1 whole chicken, cut into large pieces or 2-3 Cornish Game Hens
1/2 English or Japanese cucumber
3 - 5 red Thai Dragon chiles, seeded, cut into thin slivers
1 large shallot, thinly sliced
1 1/2 tablespoons fine match -stick shreds of baby ginger *
3 garlic cloves, minced
1/4 cup fresh lime juice
3 tablespoons Thai Fish Sauce (Nam Pla) Golden Boy is a good brand
1 1/2 tablespoons date palm sugar
1 1/2 tablespoons peanut oil
1 teaspoon toasted sesame seed oil
1/2 teaspoon or more Sa-te oil or Chile oil to desired heat
2/3 cup fresh cilantro leaves
2 tablespoons dry roasted, unsalted peanuts for garnish
Optional-Bibb or Boston Lettuce leaves to serve the chicken salad in for out of hand eating, especially nice a appetizer lettuce cups
Place chicken into a large pot with enough water to cover. Bring to a boil and skimfoam from the surface. Reduce the heat to medium-low and simmer for 5-10 minutesTurn off the heat cover, let the chicken sit in the hot water for 30 minutes. Remove the chicken from the pot, and let cool. You can place the chicken or game hens in the refrigerator until ready to use.
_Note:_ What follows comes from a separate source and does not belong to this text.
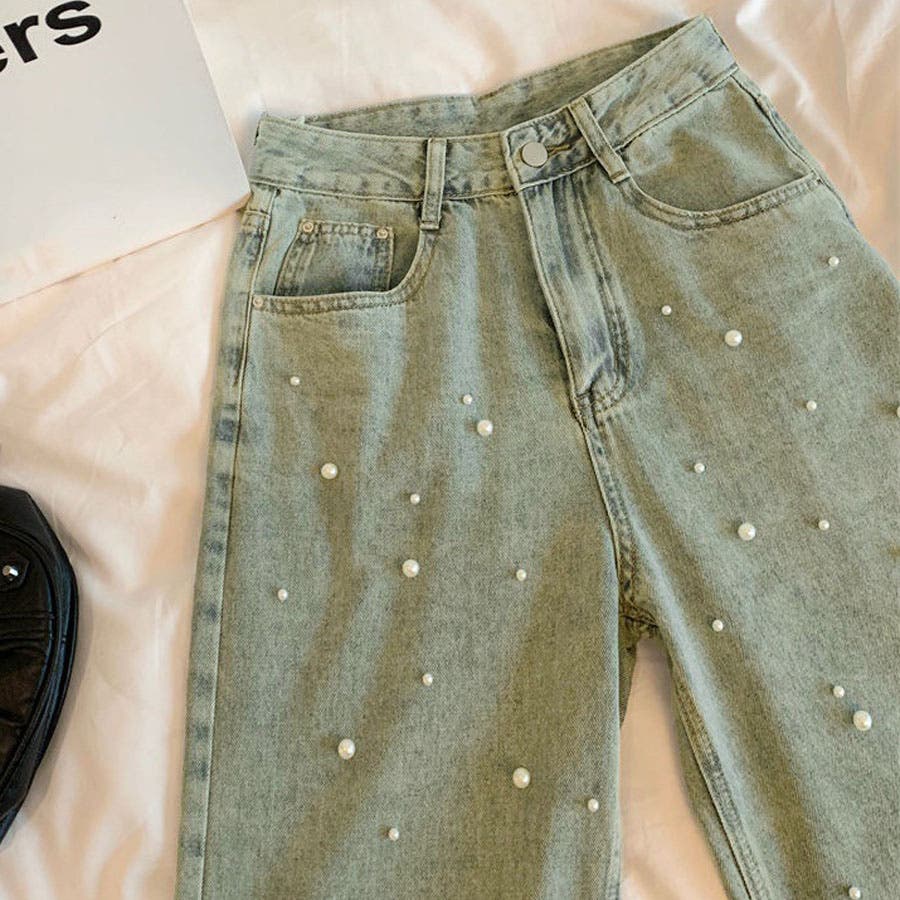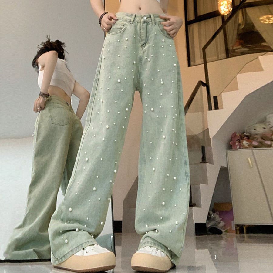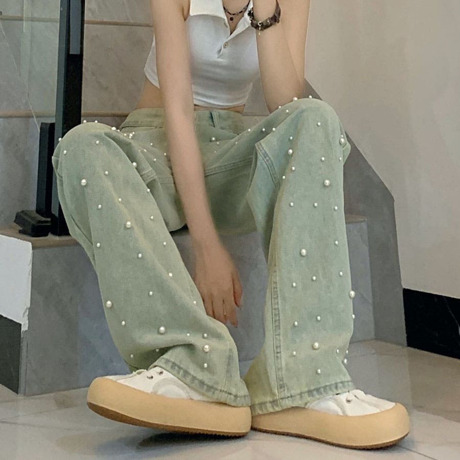 ハイウエストでクロップド丈のトップスと相性抜群です。

When the chicken has cooled, remove the skin. With your hands, pull the meat apart into shreds about 1/4-inch wide and 1 1/2 inches long; put them in a bowl.

Peel the cucumber and cut it into match-stick shreds. Place in a bowl with the chiles, shallot, ginger and garlic. Toss with the lime juice, fish sauce, sugar, salt and the oils and let sit for 20-30 minutes. Add this dressing to the chicken and mix thoroughly. Stir in the cilantro leaves, garnish with peanuts and serve.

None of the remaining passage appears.